Chuck Royce: Absolutely not. I think value will persist for many years, on and off with pauses. This was a pause. It’s a pause that I think will run its course primarily because the return to growth implies rates being much lower than they are, and I don’t think that’s going to happen at all. So, I think considering that we are returning to normal rates, value has a much, much longer way to go.
FG: What are your thoughts about the more normalized environment we’re coming into?
CR: For me, the normalization of rates is the key to why active managers are doing better, why value is doing better. The normalization process started quite a while ago. I do believe the normalization is very real, very important, and we can now start worrying about many other much more important things, earnings process, fiscal policy, et cetera.
FG: Well, let’s talk a little bit more about that, because I think one of the clear things we have heard since the election has been a tonal shift in management teams. The management teams that we meet with on a day-to-day basis and listen to conference calls seem to be a little bit more positive in general about their outlooks. What are your thoughts about that?
CR: I think there’s two parts to that. I think they are encouraged by their stock price, okay? I think time has somewhat cured their fear of another financial crisis. It’s been a long time. I think the election does sort of stir the juices here about a better tax reform policy. That’s certainly very, very profoundly important to small-caps. So I think it’s a combination of things.
We know that Capex has been sort of behind the 8 ball here. I do think that as monetary policy is normalizing, I do think that Capex will start ramping up.
FG: Valuation is not cheap within the small-cap market today. What do you think about small-cap valuations in general?
CR: I think they’re all over the map and, you know, the absolute cheapness really isn’t there. There is a relative cheapness if you adjust for the fact that we’re still in a lower interest rate environment.
We have the advantage, as a long-term investor of looking long-term. We have the advantage of finding companies that valuation may be reasonable, not cheap, but have the power of higher confidence compounding that will allow the investor to share in those compounding in a reasonable way.
FG: And you’ve talked about the, kind of the intersection of quality in valuation as being an interesting area for you in the overall market right now. How do you best play that?
CR: Well, this is a dominant theme in the firm, the intersection of quality and value. The two are independent but highly connected for active managers.
Active managers are risk managers, they like valuations to be reasonable in what they’re doing, but they also have a profound understanding of quality and opportunity.
FG: I get the feeling that a lot of people are, are waiting for, and expecting a major drawdown in the markets at some point in the not-too-distant future.

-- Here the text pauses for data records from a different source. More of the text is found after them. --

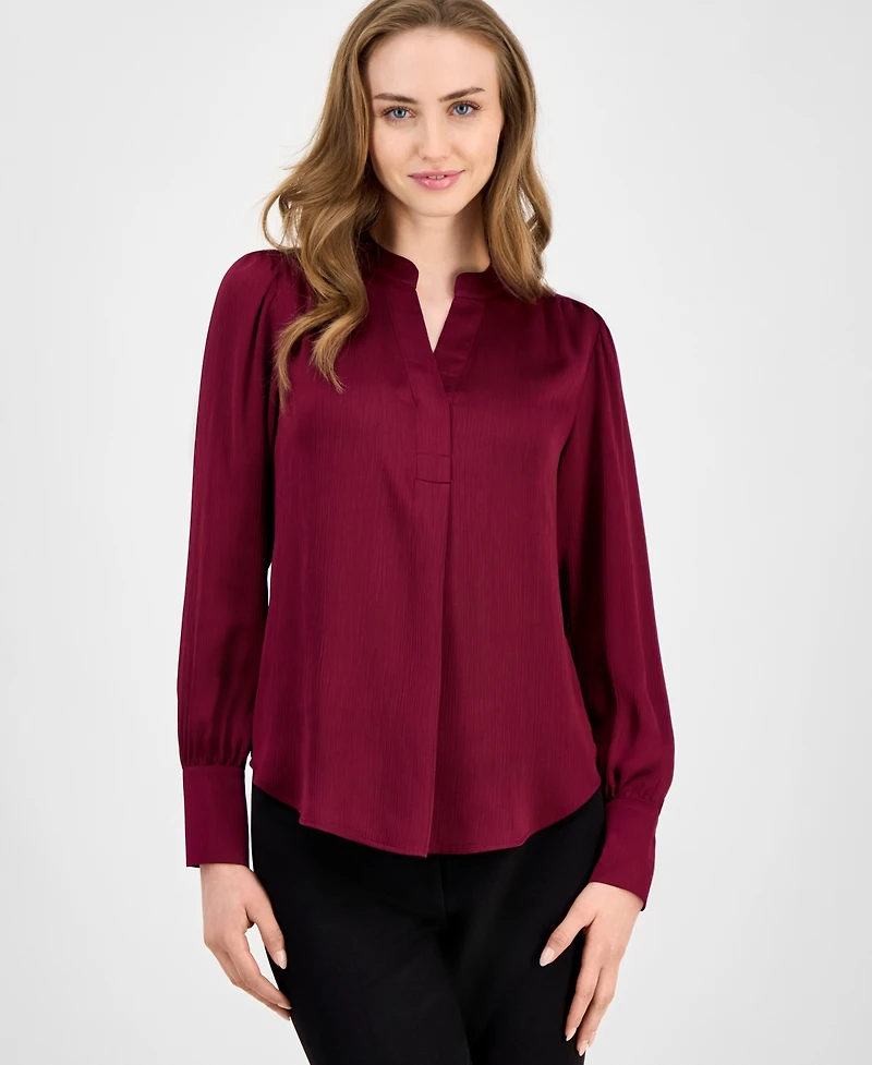 Lend instant polish to your look with this satin blouse from Anne Klein, featuring a pleated front.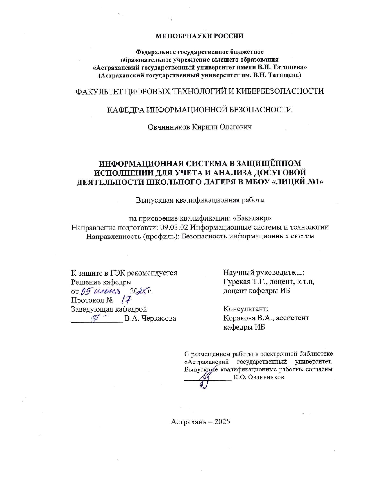 информационная система, защищённое исполнение, учет, анализ, досуговая деятельность, школьный лагерь, «Лицей №1»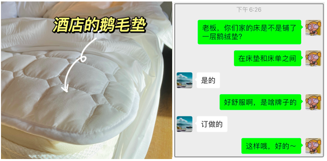 她很好奇到底是什么魔法床垫,掀开发现床垫和床单之间多了层垫子,摸着软软乎乎又很Q弹、目测是鹅毛垫。她专门问了民宿老板,果然是鹅毛垫!坏消息是垫子是订做的,没链接🤷♀️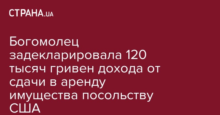 Глава парламентского комитета по вопросам здравоохранения и депутат от БПП Ольга Богомолец задекларировала 120 013 гривен дохода от предоставления имущества в аренду посольству США в Украине.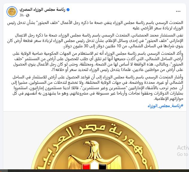 وكان المستشار محمد الحمصاني، المتحدث الرسمي باسم رئاسة مجلس الوزراء، قد نفى فى بيان صحة ما ذكره رجل الاعمال الإماراتي "خلف الحبتور" في إحدى وسائل الإعلام، بشأن تدخل رئيس مجلس الوزراء لزيادة سعر قطعة أرض كان ينوي شراءها في الساحل الشمالي، من 10 ملايين دولار إلى 30 مليون دولار.

Do you think you’re going to see a major correction within the small-cap market?
CR: I think your first assumption is absolutely right. I think there has been a profound skepticism about small-caps, skepticism about performance of the equity markets post-election. I think people are confused, scratching their head –why has this triggered this pretty active run here. I think people, you know, are sort of looking forward to a correction, which is exactly why you don’t get it. So, you may just get what we had in the last four months, which is a flattening in the nominal market, but rotation underneath it.